Seating arrangements in the space consisted of two leather recliners directly in front of the TV set with a narrow end table standing between them. Off to one side sat an upholstered love seat. A rolling walker was stationed within easy reach of a graying fifty-something man seated in one of the recliners.
“I’m Walter Olmstead,” he said, holding out his hand in greeting. “Have a seat. I hope you’ll forgive me for not standing. Football injury,” he added in explanation, patting one hip, “a new one rather than an old one. I’m the coach, you see. The first game of the season was a doozy. In the middle of a crucial play, I saw two players charging straight for me. Unfortunately, I dodged to the right when I should have dodged to the left. Broke my hip and had to be stretchered off the field. The doctors tried screwing it back together, but they finally gave up and did a hip replacement. With any kind of luck, I’ll be back at school after Christmas break.”

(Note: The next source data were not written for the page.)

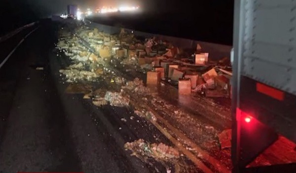 Pasukan Peronda Negeri Washington (WSP) Rick Johnson berkongsi video kamera pemuka dari trak separuh membawa telur pada X pagi Selasa.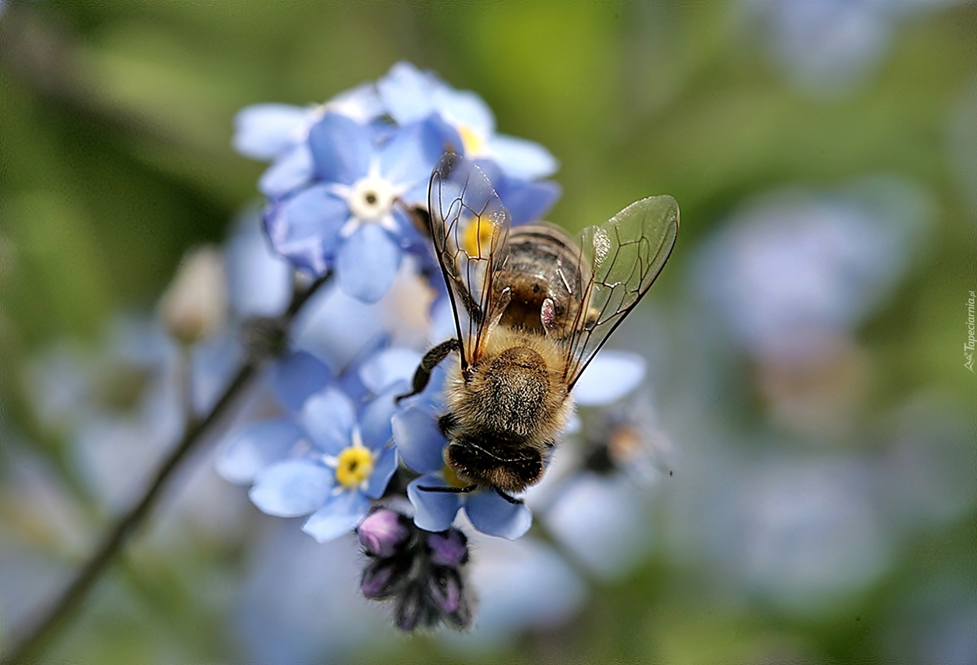 Edytor tapety: Niezapominajka, Pszczoła, Zbliżenie, Rozmycie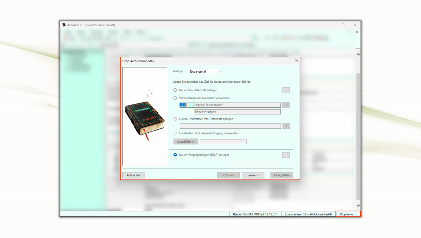 Die Mail aus Outlook zieht man in die Drop-Zone [1]. Der Assistent für die Direktarchivierung erscheint wie bisher und bietet die verschiedenen Optionen [2].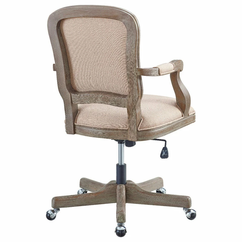 The Maybell Office Chair speaks French Country style. From its rustic features and vintage design this chair will surely add a touch of charm to any home office or work space. Completed with adjustable height, padded seating and rollin wheels. This piece will make for a more comfortable yet stylish work space.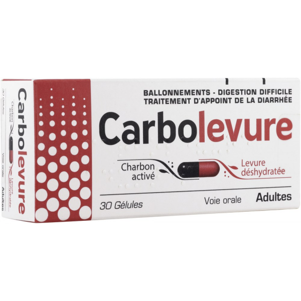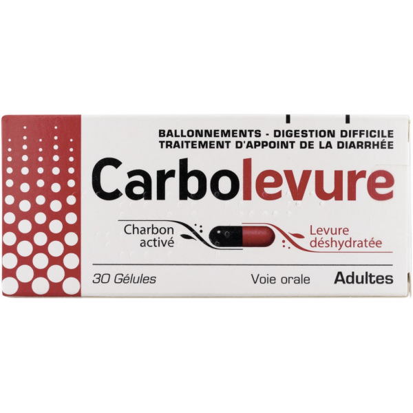 Le médicament Carbolevure Adultes est un médicament du laboratoire Pierre Fabre. Carbolevure Adultes contient du charbon activé et une levure. Le charbon a pour effet d'absorber les gaz retrouvés dans le tractus intestinal, et les substances que sont les levures contribuent à l'équilibre de la flore afin d'assurer une digestion normale. Le traitement Carbolevure Adultes trouve donc ses indications dans les troubles symptomatiques lors de la digestion, notamment avec ballonnements, et le traitement symptomatique de la diarrhée, en association de la réhydratation et des mesures diététiques. Le Carbolevure Adultes est un médicament réservé aux adultes, et présenté sous la forme d'une gélule noire et rouge, conditionné en boite de 30 gélules.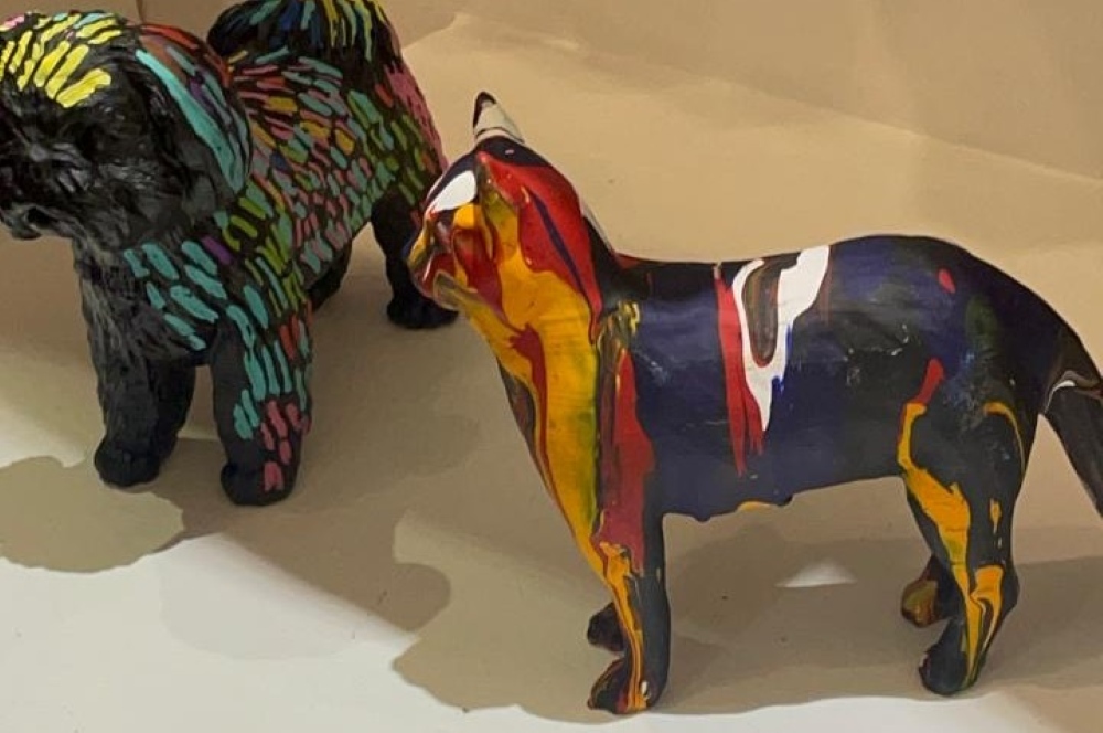 En sus clases para niños y adultos, el alumno se puede llevar su propia versión de La noche estrellada de Van Gogh o un perro intervenido con pintura. Uno de los fuertes de Agustina Mazzocco es la docencia.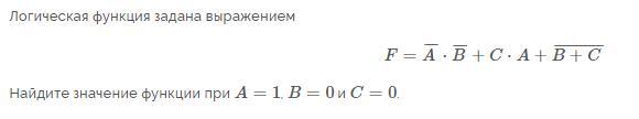 Найдите значение функции при `A=1`, `B=0` и `C=0`.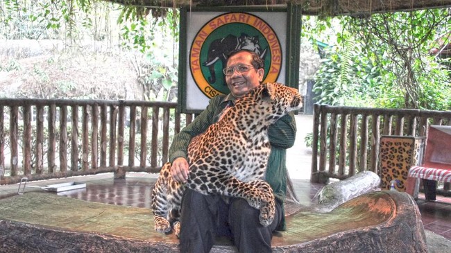 Dalam foto itu tampak Mahfud sedang duduk memangku macan tutul dengan background Taman Safari Indonesia. Mahfud terlihat tersenyum, sementara macan tutul di pangkuannya menoleh ke samping. Ada pula foto Mahfud yang berdiri menoleh ke koala yang sedang ada di atas pohon.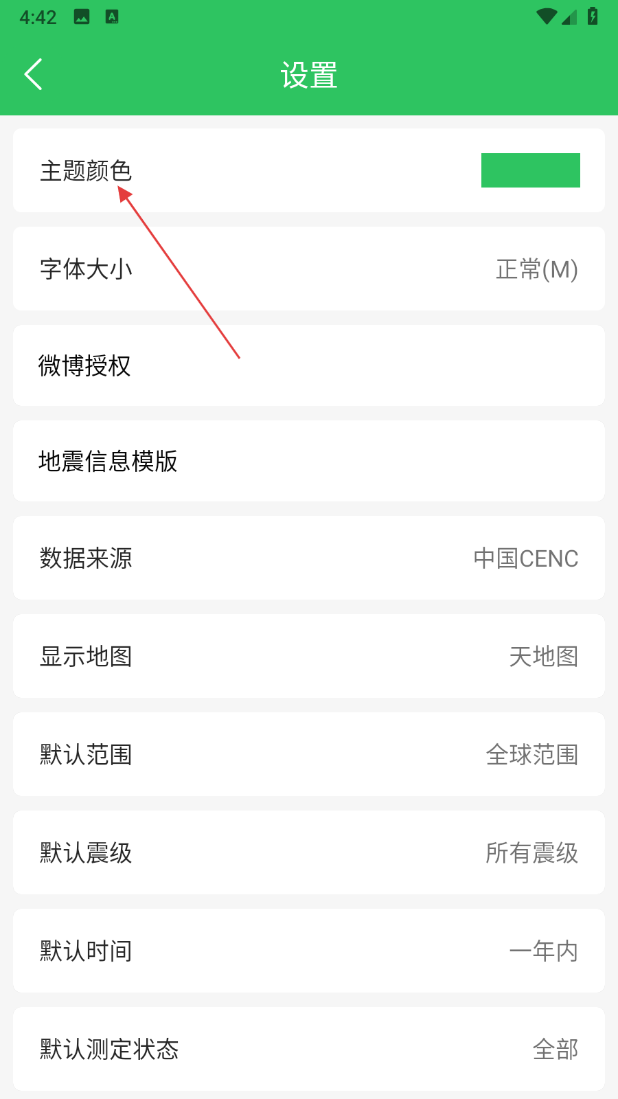 3、在设置界面中,点击主题颜色选项,弹出颜色选择框。

“Ouch,” I said, settling onto the love seat while Penny sat down on the other recliner.
“Them’s the breaks,” Walter said with an offhand shrug accompanied by an engaging grin. “But the Wolverines went on to win state without me, so you can see how much my coaching is worth. What can we do for you, Mr. Beaumont?”
“As your wife said, I met with Danitza yesterday—with her and James both. He looks like a great kid,” I added, gesturing toward the collection of photos.
“He is a great kid,” Walter declared proudly, “no question about it. His mom has done a terrific job of raising him.”
“But not without a good deal of assistance from the two of you.”
“We do our best,” Penny agreed with a modest smile.
“But what can we do for you today?” Walter insisted. “Why this sudden interest in finding Chris now? Why not twelve years ago?”
“Because twelve years ago it wasn’t clear he was missing,” I answered. “Since Chris was estranged from both sets of grandparents at the time he disappeared, no one ever got around to reporting him as missing. Now, though, his only remaining grandmother, Annie Hinkle, is likely on her deathbed back in Ohio. She asked Chris’s brother, Jared, to try to find him in hopes of having a last-minute reconciliation. Jared’s the one who brought me into the picture.”
“I don’t see how we can be of much help,” Penny said. “Wally and I never actually met Chris. All we know about him is what Nitza has told us over the years.”
“From what I’ve heard, you two were part of a very limited group of people who knew much of anything about what was really going on at the time Chris went missing.”
“You mean about her being pregnant?” Penny asked.
“Yes,” I answered. “I guess Nitza’s parents weren’t too thrilled with the news. What can you tell me?”
“Saying they weren’t thrilled doesn’t come close!” Penny objected. “Roger Adams was downright furious, and when Roger is angry, he’s a force to be reckoned with. As for my sister, when it came to choosing between her husband or her daughter, Eileen always went along with whatever Roger said. That’s one of the reasons I tried to stay close to Nitza over the years, even when she was little. I wanted her to feel like she had someone on her side.”
“You must have succeeded,” I remarked, “because that night when the chips were down, she trusted you enough to come straight here.”
“And we’re both glad she did,” Walter declared, sending a smile in his wife’s direction. “I was always troubled by the way Roger and Eileen treated their daughter, but when Roger refused to let Nitza attend her own mother’s funeral? That was the last straw in my book.”
“Did you go?” I asked Penny.
“To the funeral, you mean?” she wanted to know.
I nodded.
“I tried,” Penny said. “Nitza and I wouldn’t even have known it was happening if one of Shelley’s friends hadn’t called and told me about it.”